Para concluir, Deseo es una novela donde por obra de la ficción parece no inventarse nada, no se subrayan los hechos. Sobresale, sí, un narrador de gran oficio con un punto de vista que permite ver desde lo subjetivo una realidad objetiva.
¿Se reivindica el amor? A decir verdad, no; a veces es un refugio que acaba vencido por la fuerza instantánea de un cuerpo que, joven o maduro, deja arrinconada a la mujer. Circunstancia que no le ha sido ajena, a veces tan voluntariosa, otras con algo de descaro, no obstante, proveedora y hasta el fin de las más insólitas demandas venidas de un cuerpo, ya el del esposo, ya el del amante. Para uno y otro, Gerti, la misma mujer, “se ha convertido en su desagüe” (Jelinek, 2004: 159).
No es difícil descubrir que Jelinek refleja, en su estilo y su ficción, una singular capacidad para contar desde el lenguaje el ser íntimo de los hombres, también el de las mujeres. Una de ellas, la protagonista de la novela, no difiere de cualquiera del mundo, como aquélla quizás “abierta a un amor sin esperanzas” (Jelinek, 2004: 135).

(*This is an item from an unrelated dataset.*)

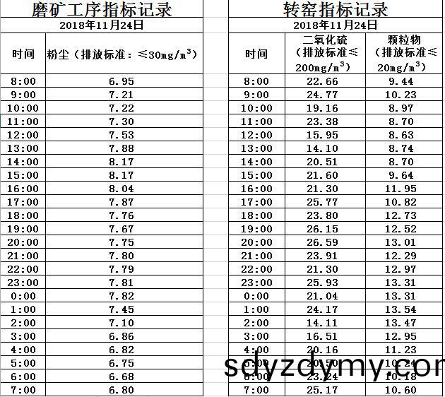 山東道(dao)恩(en)鈦(tai)業股份(fen)有限(xian)公司2018年(nian)11月(yue)24日磨鑛(kuang)工(gong)序煙氣(qi)及轉(zhuan)窰(yao)煙(yan)氣指標(biao)數(shu)據:山東(dong)道(dao)恩鈦(tai)業(ye)股份(fen)有限公司2018年11月(yue)24日磨(mo)鑛(kuang)工(gong)序煙(yan)氣及轉(zhuan)窰(yao)煙(yan)氣(qi)指(zhi)標數(shu)據(ju):

Por su prosa fina y artística, por el valor para denunciar todo tipo de abusos e injusticia y por la belleza de las imágenes logradas para pintar hasta el más terrible de los sucesos, por llevar al papel y luego al libro las huellas vergonzosas de estos tiempos vividos entre las glorias del progreso y el horror que éste mismo acarrea, por esas y otras muchas más razones, la escritora reúne méritos suficientes para ser leída. Sus páginas resueltas en declarada literatura femenina presentan, generalmente, un hombre y una mujer; ambos frente a frente, con sus nombres que apenas aparecen, aunque, como se deja leer en Deseo, “sus ojos están cosidos con grandes puntadas” (Jelinek, 2004: 149). Unas son dadas por la vida, otras por la repetida historia de llevar el amor en sus vueltas inacabadas, furtivas, donde ellos, también nosotros, nos hacemos pedazos.